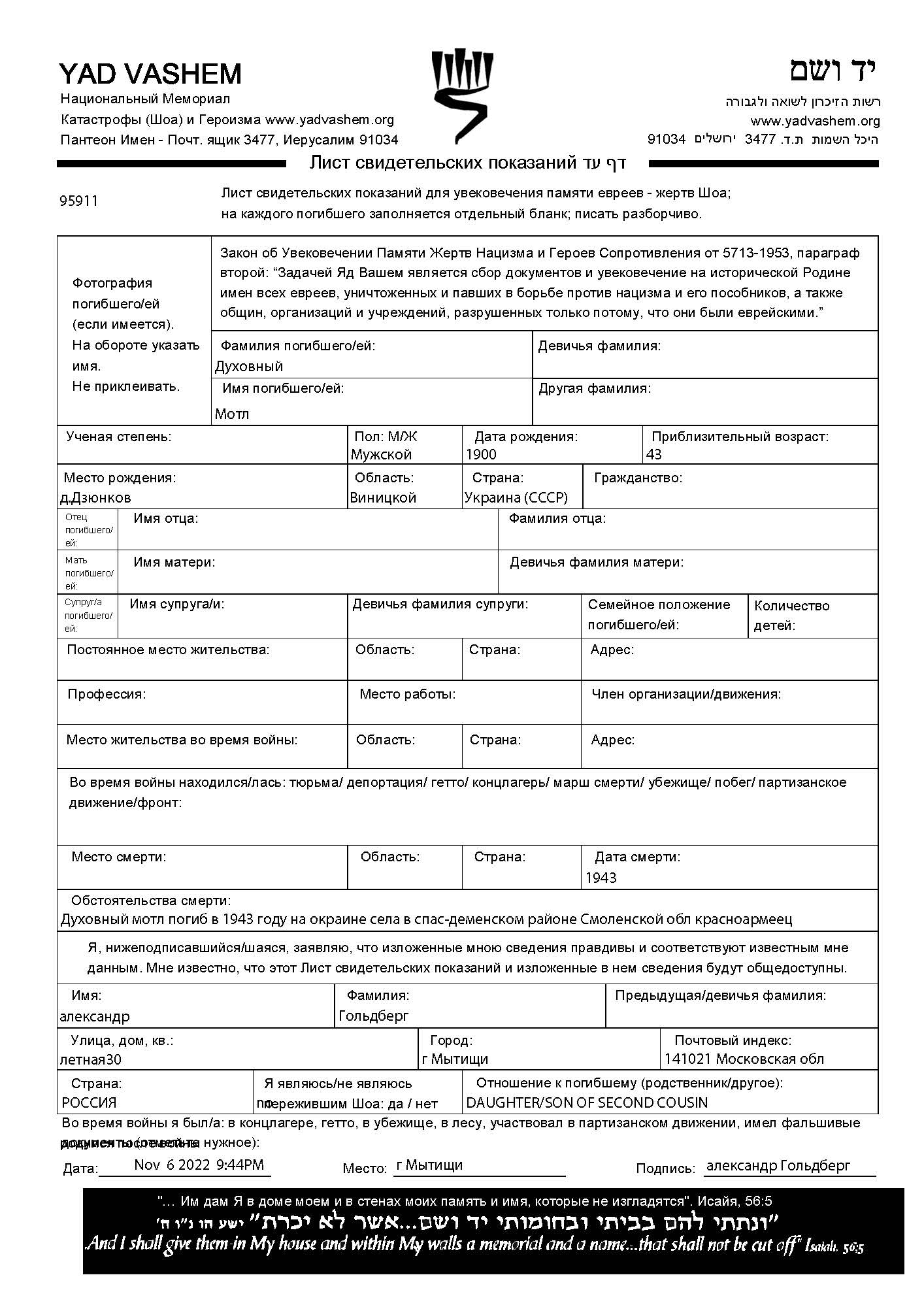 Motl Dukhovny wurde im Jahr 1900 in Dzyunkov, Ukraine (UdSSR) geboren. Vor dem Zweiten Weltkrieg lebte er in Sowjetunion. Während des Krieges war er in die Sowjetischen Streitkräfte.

■ ■ ■

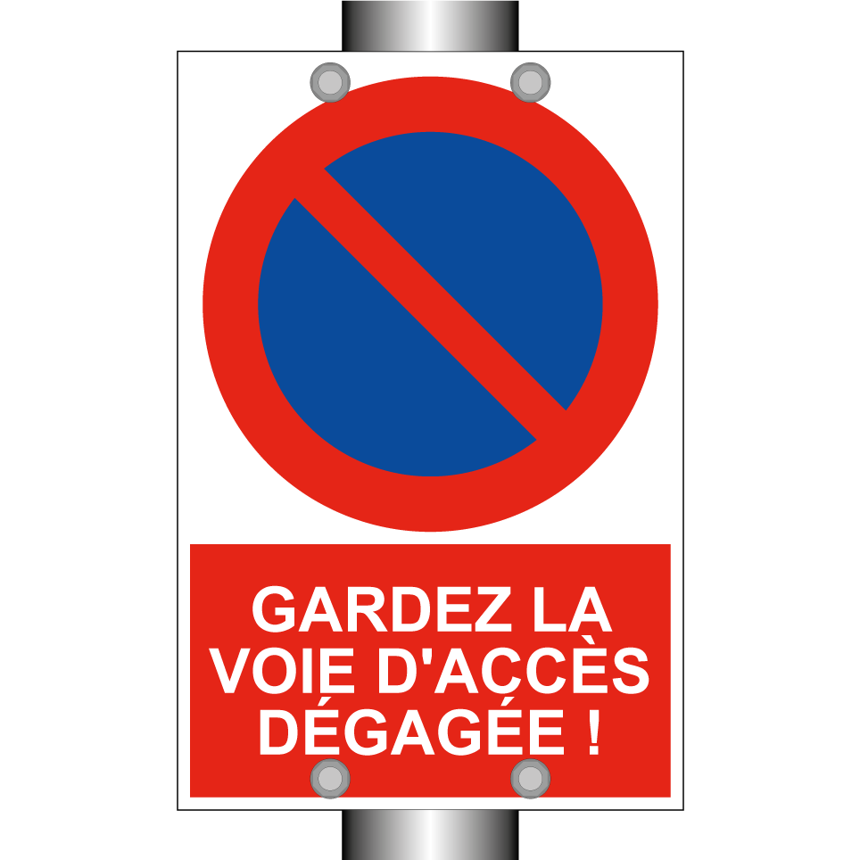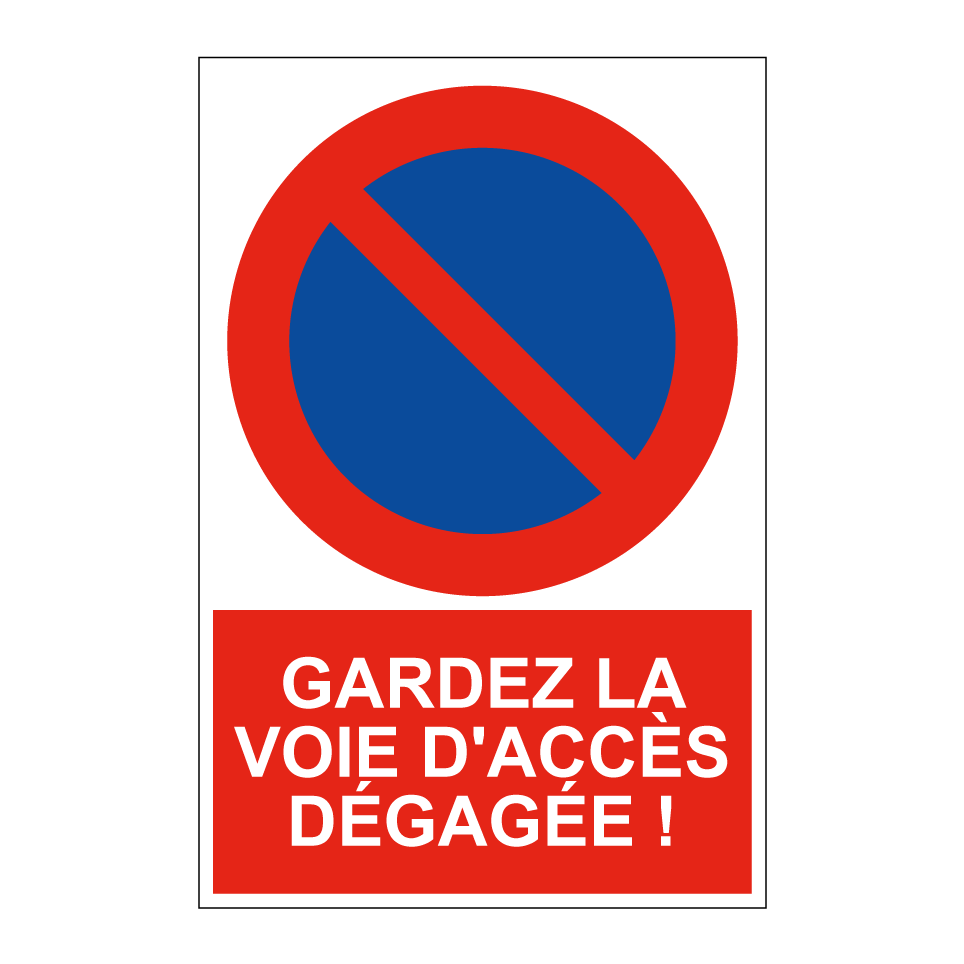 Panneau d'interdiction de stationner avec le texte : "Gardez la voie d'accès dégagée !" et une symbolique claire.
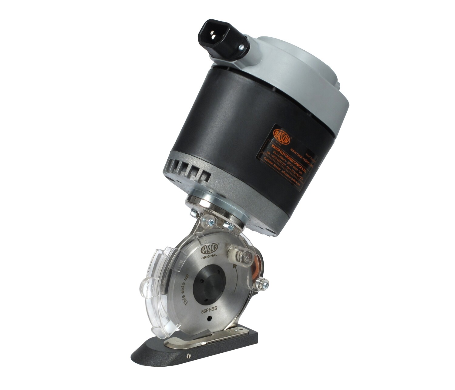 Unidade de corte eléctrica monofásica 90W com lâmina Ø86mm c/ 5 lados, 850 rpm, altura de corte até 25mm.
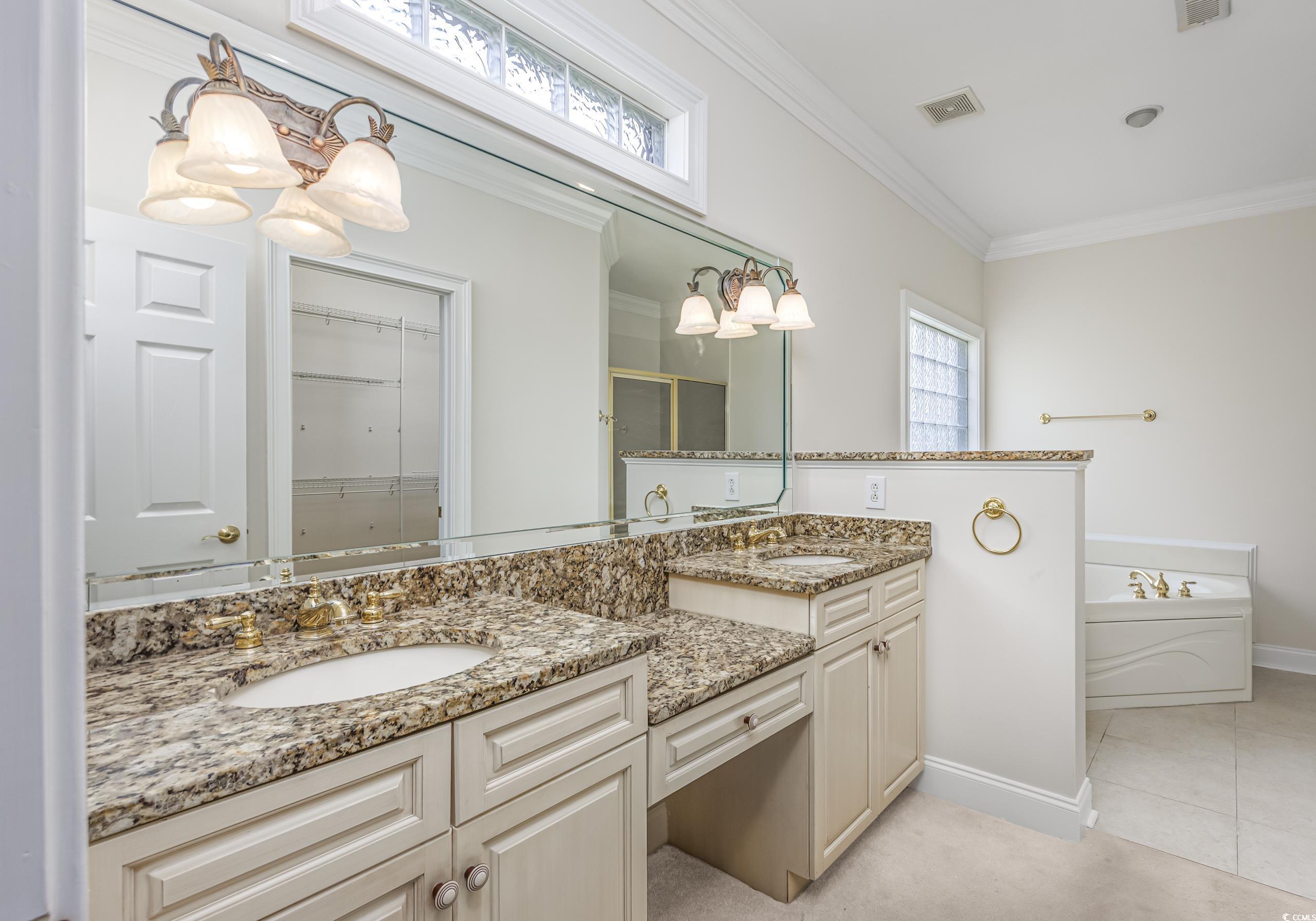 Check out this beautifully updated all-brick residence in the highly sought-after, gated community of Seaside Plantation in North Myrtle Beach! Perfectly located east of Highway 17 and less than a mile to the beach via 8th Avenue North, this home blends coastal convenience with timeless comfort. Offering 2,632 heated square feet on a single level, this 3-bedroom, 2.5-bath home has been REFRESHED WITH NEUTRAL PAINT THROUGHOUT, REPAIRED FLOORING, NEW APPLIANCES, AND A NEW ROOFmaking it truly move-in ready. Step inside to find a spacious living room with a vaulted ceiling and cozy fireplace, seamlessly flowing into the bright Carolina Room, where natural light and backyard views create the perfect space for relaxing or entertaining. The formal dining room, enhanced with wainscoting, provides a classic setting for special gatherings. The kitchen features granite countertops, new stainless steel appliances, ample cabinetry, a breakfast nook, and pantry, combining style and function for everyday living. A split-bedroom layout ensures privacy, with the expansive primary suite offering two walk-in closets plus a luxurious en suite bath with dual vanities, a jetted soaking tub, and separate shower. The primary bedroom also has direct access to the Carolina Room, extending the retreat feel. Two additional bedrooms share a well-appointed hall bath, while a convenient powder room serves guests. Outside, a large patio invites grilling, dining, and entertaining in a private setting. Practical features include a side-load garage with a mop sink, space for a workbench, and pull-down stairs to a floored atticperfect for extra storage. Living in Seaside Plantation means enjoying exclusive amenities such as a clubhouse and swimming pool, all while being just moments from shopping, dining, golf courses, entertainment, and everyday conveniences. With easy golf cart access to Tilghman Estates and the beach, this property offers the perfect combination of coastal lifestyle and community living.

■ ■ ■

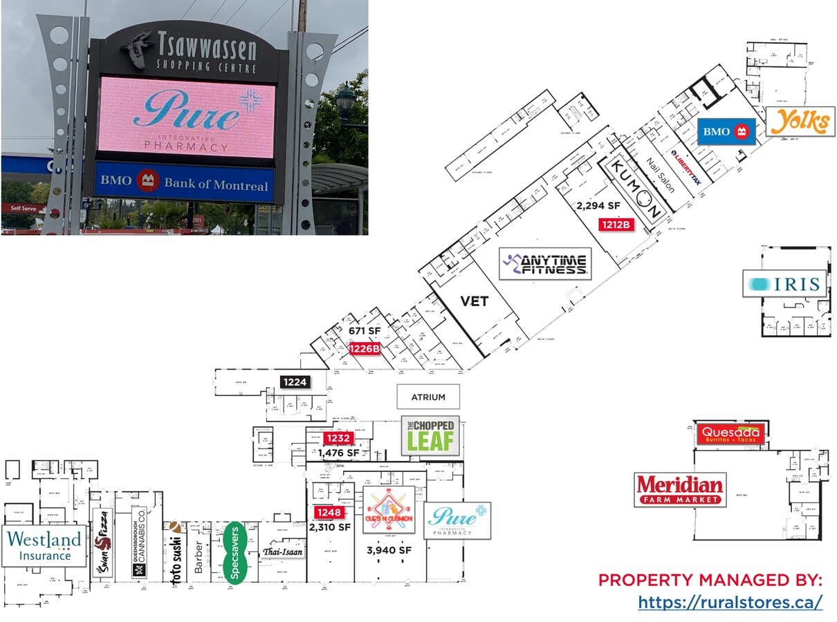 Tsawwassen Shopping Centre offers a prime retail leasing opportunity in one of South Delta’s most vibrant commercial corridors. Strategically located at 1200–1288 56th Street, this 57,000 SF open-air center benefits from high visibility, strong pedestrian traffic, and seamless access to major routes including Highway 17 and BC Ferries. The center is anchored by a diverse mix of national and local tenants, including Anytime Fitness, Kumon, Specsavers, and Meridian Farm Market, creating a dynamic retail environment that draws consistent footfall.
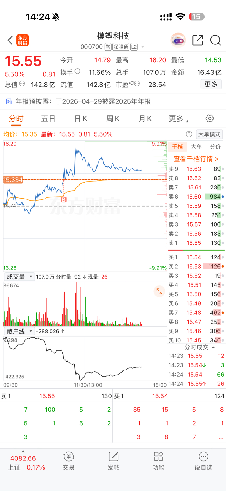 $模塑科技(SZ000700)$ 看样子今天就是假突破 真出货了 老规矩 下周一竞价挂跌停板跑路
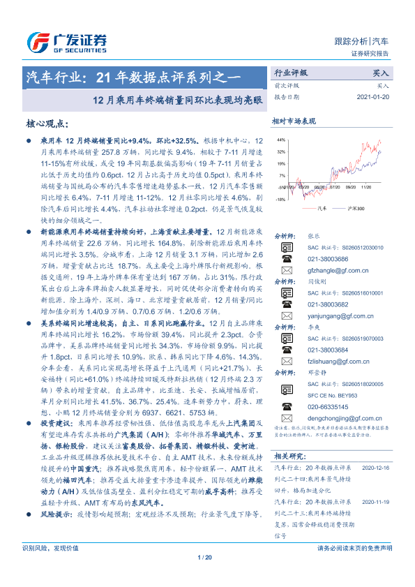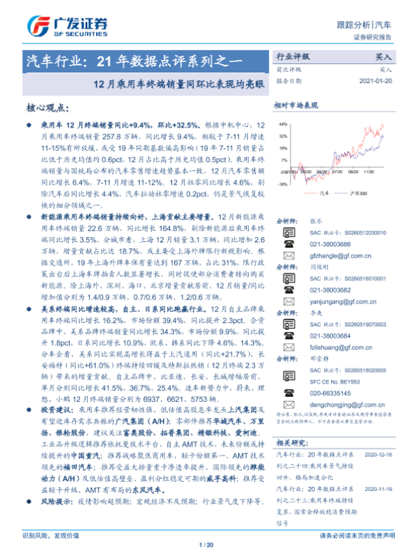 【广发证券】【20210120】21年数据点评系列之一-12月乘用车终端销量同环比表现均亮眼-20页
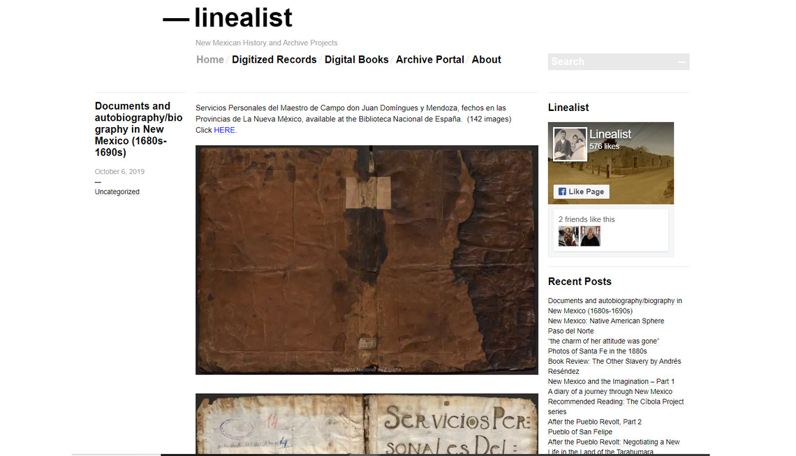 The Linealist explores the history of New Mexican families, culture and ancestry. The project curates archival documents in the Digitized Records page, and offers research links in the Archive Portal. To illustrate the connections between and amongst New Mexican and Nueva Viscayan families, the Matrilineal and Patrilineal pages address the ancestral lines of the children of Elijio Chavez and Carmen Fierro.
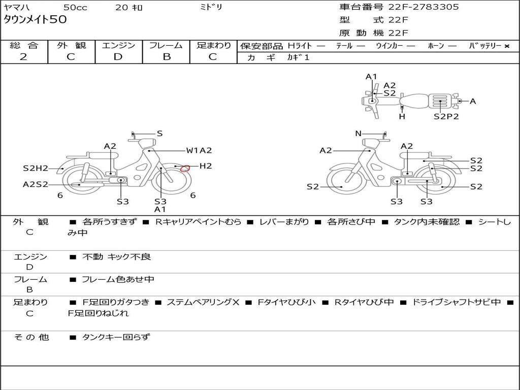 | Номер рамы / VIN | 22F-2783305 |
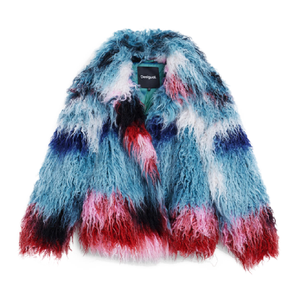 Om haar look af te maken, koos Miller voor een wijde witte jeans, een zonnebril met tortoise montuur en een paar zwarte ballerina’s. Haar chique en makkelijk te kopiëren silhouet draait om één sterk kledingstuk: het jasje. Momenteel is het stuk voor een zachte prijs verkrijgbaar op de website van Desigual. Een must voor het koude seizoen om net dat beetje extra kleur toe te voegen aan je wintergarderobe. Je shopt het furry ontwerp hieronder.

■ ■ ■

» **Directions for this task**:
Your reply should hold nothing but the lines above, from the one containing "VIN | 22F-2783305 |" to the one containing "Om haar look", reproduced exactly minus the pictures.

» **Problem solution**:
 | Номер рамы / VIN | 22F-2783305 |
 Om haar look af te maken, koos Miller voor een wijde witte jeans, een zonnebril met tortoise montuur en een paar zwarte ballerina’s. Haar chique en makkelijk te kopiëren silhouet draait om één sterk kledingstuk: het jasje. Momenteel is het stuk voor een zachte prijs verkrijgbaar op de website van Desigual. Een must voor het koude seizoen om net dat beetje extra kleur toe te voegen aan je wintergarderobe. Je shopt het furry ontwerp hieronder.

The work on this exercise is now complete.